The plant closures are the latest shift Barra has authorized. It apparently was prompted by several factors, including the ongoing U.S. shift from traditional passenger cars to light trucks. Most of the products impacted by the announcement are slow-selling sedans like the Chevrolet Cruze and Cadillac XTS.

But Barra and company are also positioning the announcement as part of a broader strategy shift that focuses on electrified and autonomous vehicles.

“GM now intends to prioritize future vehicle investments in its next-generation battery-electric architectures,” the automaker said in a Monday news release. “As the current vehicle portfolio is optimized, it is expected that more than 75% of GM’s global sales volume will come from five vehicle architectures by early next decade.”

(Click Here for more about GM looking at white collar layoffs due to low buyout response.)

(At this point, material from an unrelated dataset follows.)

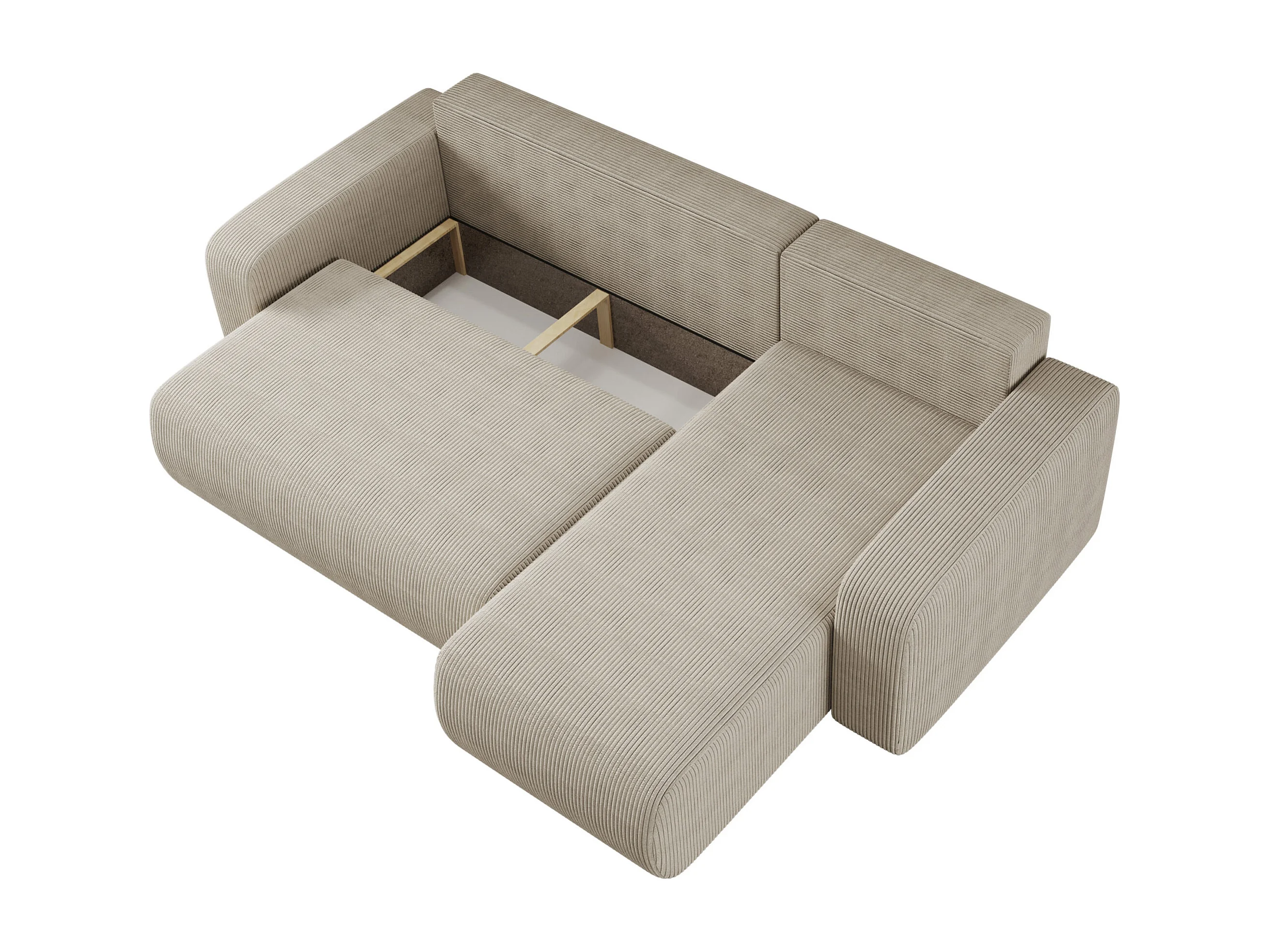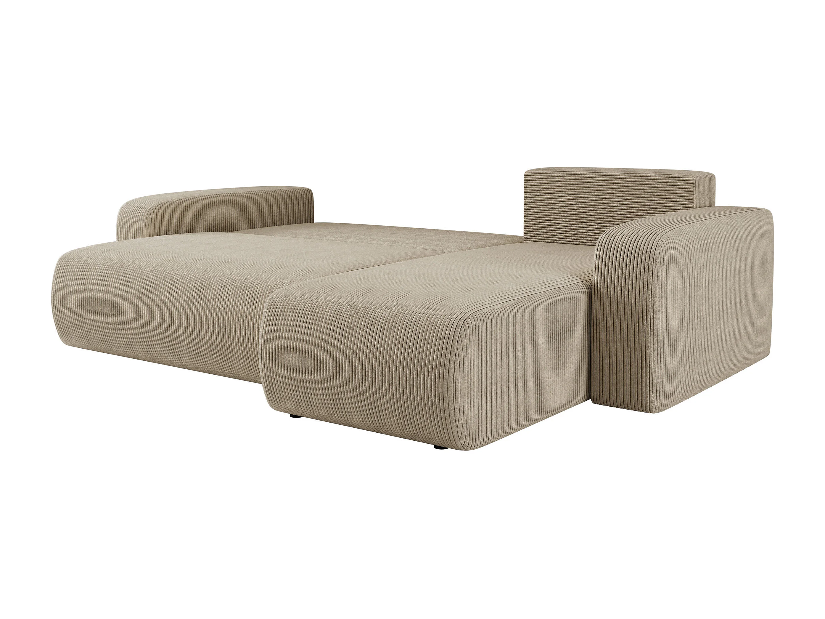 Hoekbank bedbank van beige ribfluweel PIANO L met opbergruimte en snel uitklapsysteem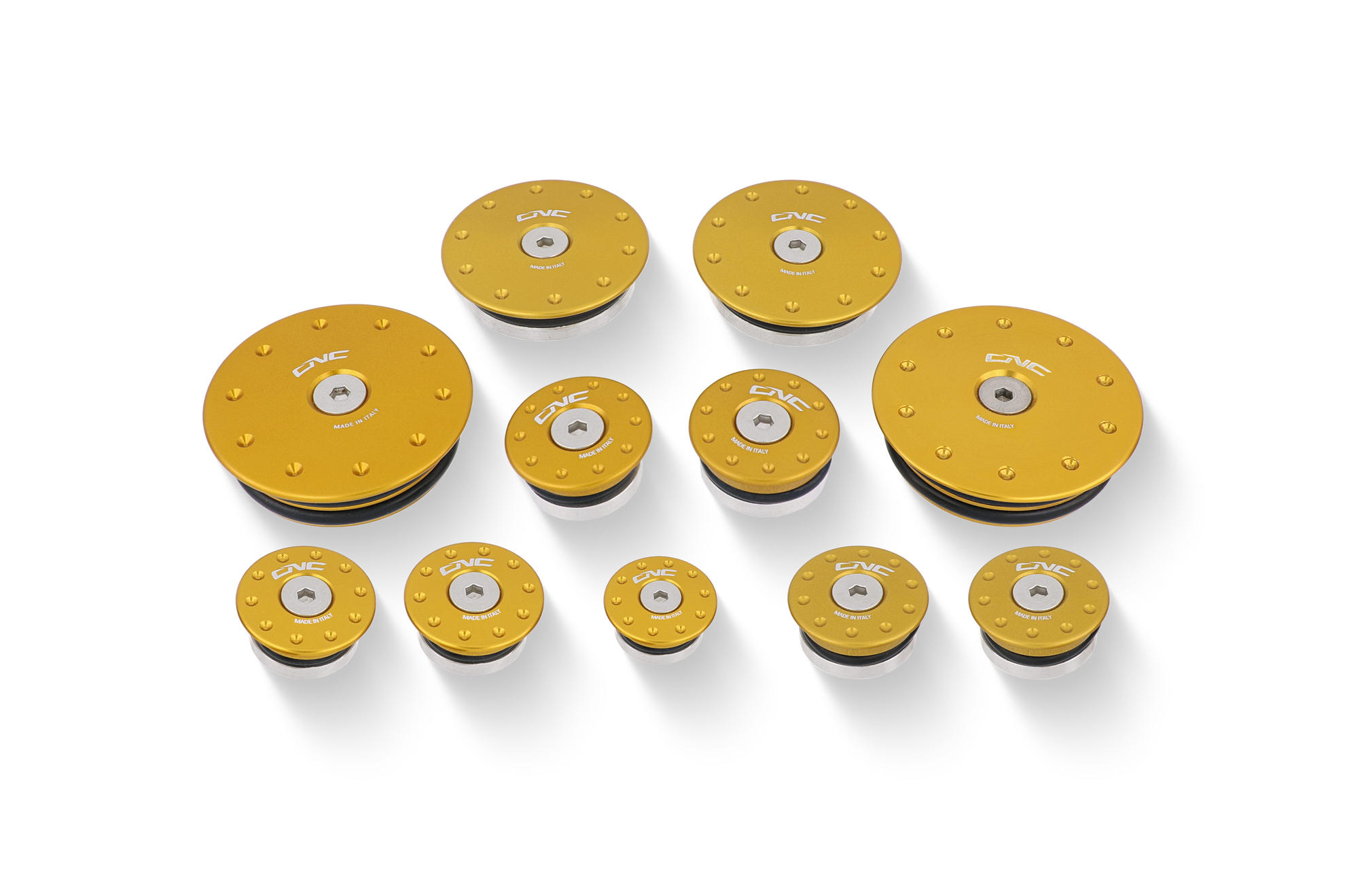 Kit tappi telaio lavorati dal pieno in lega leggera con successivo trattamento di anodizzazione superficiale.

GM’s push into electrification and autonomy have led Barra to make other significant moves, notably including her willingness to form alliances with erstwhile rivals.

Barra is pointing GM in the direction of electric vehicles and autonomous vehicles.

In January 2017, it announced a partnership with Honda to develop and build fuel-cell systems. The two launched a second venture this autumn that will see Honda ultimately invest about $2.75 billion to develop self-driving vehicles. That will include a $750 million stake in Cruise Automation, its autonomous vehicle research subsidiary.

Barra isn’t the only one willing to shake things up. Indeed, Ford Motor Co., announced an even more radical plan earlier this year, CEO Jim Hackett declaring the company will abandon passenger cars almost entirely – with the sole exception of the Mustang in the U.S. market. And Ford is establishing a major new campus in Detroit’s Corktown neighborhood specifically focused on electrified and autonomous vehicles.

“GM is actually a tad late to adjusting its product line and production capacity to the dramatic car to utility shift,” Krebs said. “Ford and Fiat Chrysler already revealed their plans to largely abandon traditional cars. We had expected GM to follow suit, especially in light of 2019’s labor talks with the UAW.”

Nonetheless, Barra is pushing hard to steer a battleship that, historically, has plowed forward even when icebergs appeared on the horizon.

Of course, such a huge transformation has both its risks and its costs.

The plant closures and job cuts come “at a tremendous cost to people and the communities which depend upon GM plants for economic sustainability,” said analyst Lindland.

(To see more about GM’s plans, Click Here.)

But Barra clearly believes that doing business as usual will have an even higher cost, long-term.